Только неподконвойные

Чешут, хоть каркай, а хоть кукарекай!

 

Рыжий пацан, золотистый ретривер –

Рты до ушей, каждый ловок и прыток –

Мчатся по тропке, сияют в порыве

Всем показать, как они хороши-то...

Осень в листве проявляет терпение...

Что  с них возьмёшь! Пацанва неразумная...
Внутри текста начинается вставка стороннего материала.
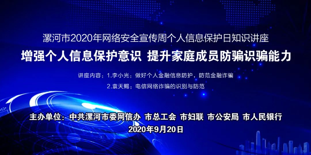 為推動漯河市網(wǎng)絡安全宣傳周個人信息保護日主題活動深入開展,結合生活中個人金融信息、電信信息容易被竊取的問題,幫助廣大家庭成員提升金融詐騙、電信網(wǎng)絡詐騙的防騙識騙能力,中共漯河市委網(wǎng)信辦、市總工會、市婦聯(lián)、市公安局、市人民銀行聯(lián)合舉辦“保護個人信息安全、提升防騙識騙能力”直播授課。

Но всё янтарнее лип оперение...

Скоро грядут перелётные зуммеры...

 

Август на сцене читает от автора...

Стихли артисты – они же и зрители...

Шум вышних крыл, еле слышный, затактовый,

И паутины рисунок реликтовый...

 

Солнечной парочкой трюхают рыжие...

Ластится ветер щекотно и шёлково...

Понизу шоркают  листики жёлтые..

Август затишные золотостишия

Пишет небесного пёрышка кончиком

И свой последний сюжет отпускает.

 

Счастливо жёлтые листья летают,

Словно сбежавшие в небо дракончики...

 

 

Свидание с собой

 

Привет, ребёнок! Как твои дела?

Я много лет назад тобой была...

Ты помнишь наши страхи и болезни?

Я опасалась, что совсем исчезнешь...

Изгладишься...

 

Но ты опять пришла

В моё седое нервное бытьё.

Ах, умница! Мне так недостаёт

Твоей наивной веры в расчудесность!

 

Как беззащитно маленькое детство...

В каких заботах личико твоё...

Как будто говоришь: «Я потерплю,

Переболею и переболю...

Ведь главное, что мама будет вечно...»

 

Как страшно было плыть по струйке млечной

К большой реке смешному кораблю...

 

Да, опыта пока в помине нет,

Чтоб распознать микроскопичность бед

В их призрачной огромности тогдашней...

Всё так свежо, как будто день вчерашний

Шагнул в сегодняшний реальный свет...

 

Вот бабушка с её извечным: «Ешь!»

«Спи! Засыпай... Я здесь... я вот... а где ж...»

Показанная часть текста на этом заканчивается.